4. Spark에서 사용할 수 있는 SQL문
  - Hive Query Language와 거의 동일
      - Select
      - From
      - Where
      - Count
      - Having
      - Group By
      - Order By
      - Sort By
      - Distinct
      - Join

####**SparkSession과 DataFrame생성**

1. Spark Session

`spark = SparkSession.builder.appName("test-app").getOrCreate()`

2. DataFrame
- RDD에서 스키마를 정의한 다음 변형

  - RDD를 만드는 부분

    `lines = sc.textFile("example.csv") 하나의 긴 텍스트
    data = lines.map(lambda x : x.split(","))
    preprocessed = data.map(lambda x : Row(name = x[0], price=int(x[1])))`

  - Infer 자동으로 유추해서 만드는 부분

    `df = spark.createDataFrame(preprocessed)`

  - Schema를 사용자가 정의

      Specify 사용자가 스키마를 지정
    
      `schema = StructType(
    StructField("name", StringType(), True),
    StructField("price", StringType(), True)
  )`

    `spark.createDataFrame(preprocessed, schema).show()`

- CSV, JSON등 파일로부터 데이터 받아오기

  `dataframe = spark.read.json(json파일)`

  `dataframe_txt = spark.read.text(txt파일)`

  `dataframe_csv = spark.read.csv(csv파일)`

  `dataframe_parquet = spark.read.load(parquet파일)`



####**createOrReplaceTempView**

- DataFrame을 하나의 데이터베이스 테이블처럼 사용하려면 createOrReplaceTempView() 함수로 temporary view를 만들어줘야함(닉네임 지어주기)

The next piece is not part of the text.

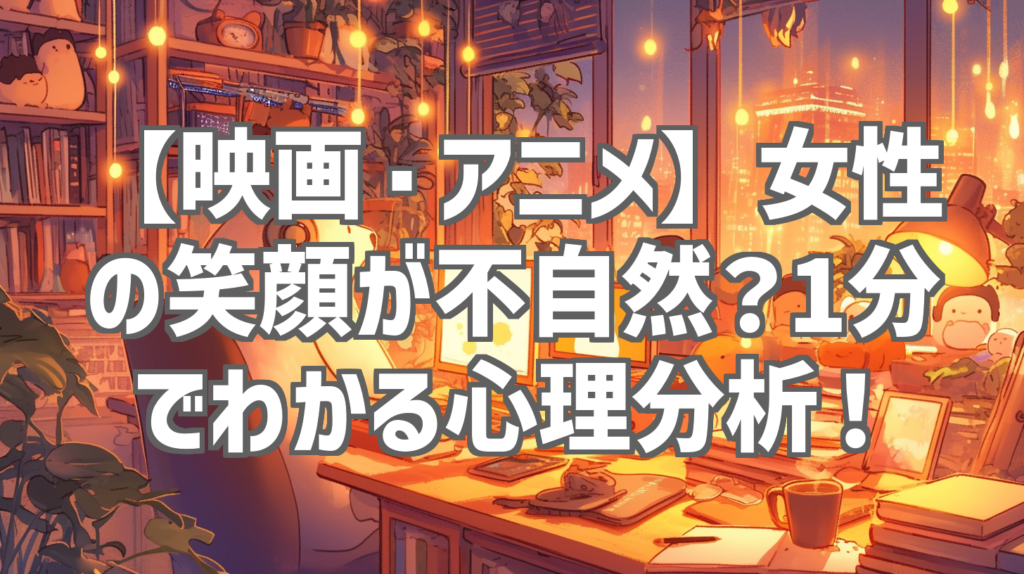 【映画・アニメ】女性の笑顔が不自然?1分でわかる心理分析! 映画やアニメを見ていると、ふと「このキャラクターの笑顔、なんか不自然だな…」と感じること、ありませんか?特に女性キャラクターの笑顔には、作り物めいた違和感を覚えることがあります。実... -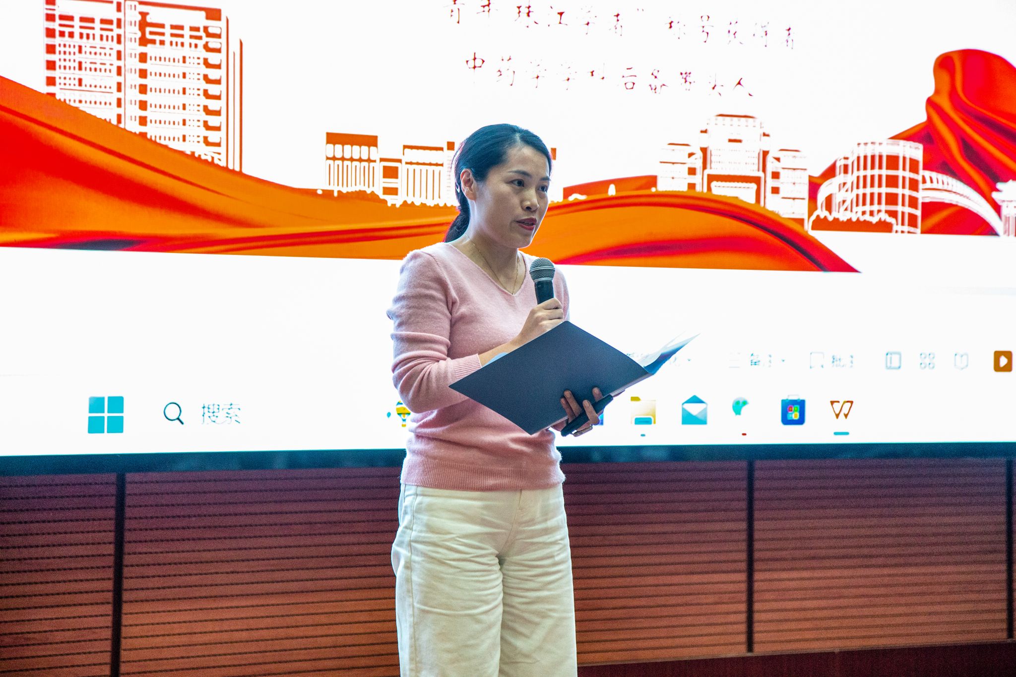 宣讲会以2023年校庆主题原创音乐《岐黄之邦》拉开序幕,燃起全场师生对中医药文化的热爱之情。通过场景化、沉浸式的《典籍里的中医——白芍之事》舞台剧表演,生动讲述了白芍花的药用价值,引领师生阅读典籍、对话前辈医家,感受深厚的中医药文化底蕴。校艺术团合唱队深情合唱《领航》,激励着广大师生砥砺前行,把宣讲会活动推向高潮。

  `data.createOrReplaceTempView("mobility_data")`

  `spark.sql("SELECT pickup_datetime FFOM mobility_data LIMIT 5").show()`

In [None]:
# mount Drive to access data files

from google.colab import drive
drive.mount('./mount')

In [None]:
pip install pyspark

Looking in indexes: https://pypi.org/simple, https://us-python.pkg.dev/colab-wheels/public/simple/
Collecting pyspark
  Downloading pyspark-3.3.0.tar.gz (281.3 MB)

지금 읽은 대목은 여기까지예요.